BT, again very sensible - I think the length of the leash will depend on the rhetoric being fielded from the Iranian President as well as any plans of the Iranians to manufacture nuclear weapons. You know Israel will not allow that to happen.


----------



## Colin1 (Mar 15, 2009)

BombTaxi said:


> Israel needs to come to the table and hear the Arab side, instead of just shooting up anyone who disagrees with them. Like I said in my last post, there will have to be compromise if there is to be peace, and Israel and the US will have to listen to the Arabs instead of presenting them with a plan and threatening to bomb them if they don't comply


Persians
Iranians wouldn't take kindly to being called Arabs; Persian/Arab hostility is as historical as Arab/Jew


----------



## FLYBOYJ (Mar 15, 2009)

Colin1 said:


> Persians
> Iranians wouldn't take kindly to being called Arabs; Persian/Arab hostility is as historical as Arab/Jew


VERY CORRECT!!!! And despite the "unity" of the religion that seems to hold them together, that's the point many miss about the Iranians (Persians). Saddam Hussein once stated he hated only Persians worse than Jews!


----------



## Amsel (Mar 15, 2009)

FLYBOYJ said:


> BT, again very sensible - I think the length of the leash will depend on the rhetoric being fielded from the Iranian President as well as any plans of the Iranians to manufacture nuclear weapons. You know Israel will not allow that to happen.
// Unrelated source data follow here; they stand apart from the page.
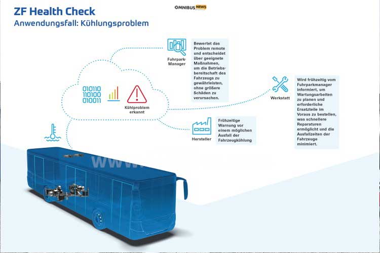 Jetzt erweitert ZF das Angebot an E-Bus-Komponenten und kündigt für die Bus2Bus in Berlin eine neue Software zum Monitoring und zur vorausschauenden Wartung von Antriebssträngen an. Das System werde zunächst mit der elektrischen ZF-Portalachse AxTrax 2 LF kompatibel sein, so ZF. Die Health-Check-Software von ZF analysiert Daten aus dem Antriebsstrang in Echtzeit für Flottenbetreiber und Fahrzeughersteller. Die Softwarelösung ermögliche damit eine vorausschauende Zustandsüberwachung, so der Hersteller.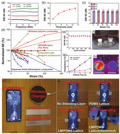 图2.LM/PDMS网格复合材料在拉伸应变下的优异电磁屏蔽性能
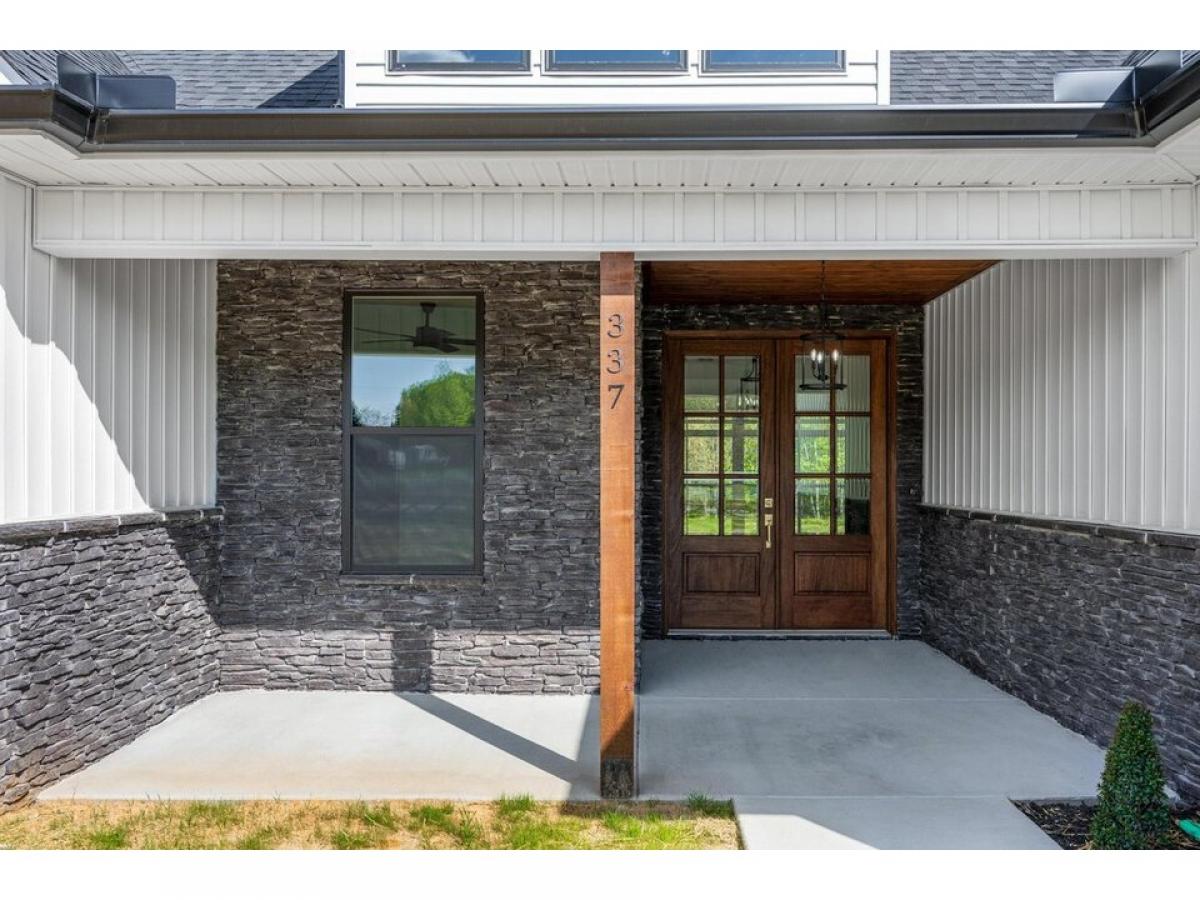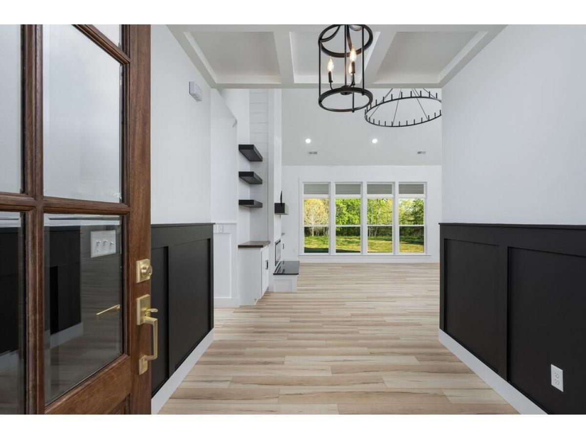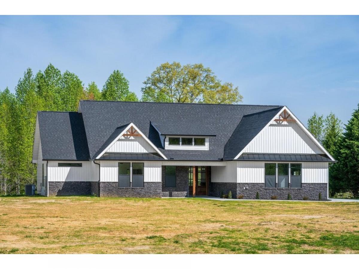 One level living new construction on over 3 fully fenced acres, surrounded by pristine natural beauty and only 20 minutes to downtown Scenic City Chattanooga this incredibly well designed four bedrooms two full baths and powder room in Trenton, GA is the perfect blend of easy living with refined urban taste. This new construction checks all the boxes blending modern design with traditional function. A deep covered front porch with double doors welcomes guests in the open concept central living area looking straight out to the wooded level yard beyond. 3 acres of fully fenced wooded property makes for unlimited opportunity for play and pets. Tucked away at one side of the home, the primary bedroom suite, with spacious spa-like en suite bathroom and incredible primary closet is a true retreat for relaxing and restoring. Three bedrooms with an additional bathroom provide plenty of space for the rest of the family, guests or potential work space. The center of the home is an open concept plan with sleek black granite countertops and electric fireplace with hearth. The vaulted ceilings and clean lines lead out to a poured covered patio off the kitchen overlooking a level tree lined backyard. Hunter Trail is a single entry community promising to be a special place to make your home. Make an appointment to see this perfect blend of modern living and natural splendor new construction Trenton one level home. No Place Like It!

I can't think of any ME country that the world should allow to have nukes. I think Iran especially. They have their hands in every violent act in some shape or form relating to Hezbollah, Hamas, and other groups. I don't understand how they are sending arms unless by ship unless there is some agreements going on between Turks, Kurds, and U.S. forces though. And they are traditional enemies of Iran. The politics in the ME are mind boggling. It should be worth military action to keep them from having nukes. With nuclear weapons they will immmediatly become very difficult to deal with.


----------



## BombTaxi (Mar 15, 2009)

Nukes are one of the biggest issues that will need to be dealt with. Again, it's a tough one. Iran wants to join the nuke club mainly as a power projection thing, IMHO. The problem with the US, Israel or even the UK dictating to Iran that they cannot have nukes is that it will simply look hypocritical when all three of those nations have nukes of their own. I completely agree with Amsel that the current regime in Iran cannot and should not be trusted with anything larger than a firecracker, but it will be very hard convincing them that they don't need nukes when the two nations they see as the greatest threat both have them. Having said that, disarming Israel might well be a positive step for the region. A country with a sixty year history of swift and unilateral violence ( and I'm not just talking about Pakistan  ), is not a prime candidate, IMHO, for membership of the nuke club, nor will that nation's status as the only nuclear player in the region do any good for regional stability.


----------



## Matt308 (Mar 15, 2009)

Disarming Isreal? C'mon that's utter folly. What the hell does Isreal have to gain from disarming? Absolutely nothing.

Ask the same question of Britain in 1938. Or the US in 1940. BS. I'm sick and tired of pacifism being touted as a means of eliminating world strife. Name one world influencing country, regime or people who in the face of hostility threw up their arms and professed pacifism that has continued to exist in an historically influential manner.

BS.


----------



## Matt308 (Mar 15, 2009)

.


----------



## evangilder (Mar 16, 2009)

BombTaxi said:


> Having said that, disarming Israel might well be a positive step for the region. A country with a sixty year history of swift and unilateral violence ( and I'm not just talking about Pakistan  ), is not a prime candidate, IMHO, for membership of the nuke club, nor will that nation's status as the only nuclear player in the region do any good for regional stability.



Disarming Israel would be a step toward their own annihilation, especially with Iran very close, if not already in the nuke weapons club. 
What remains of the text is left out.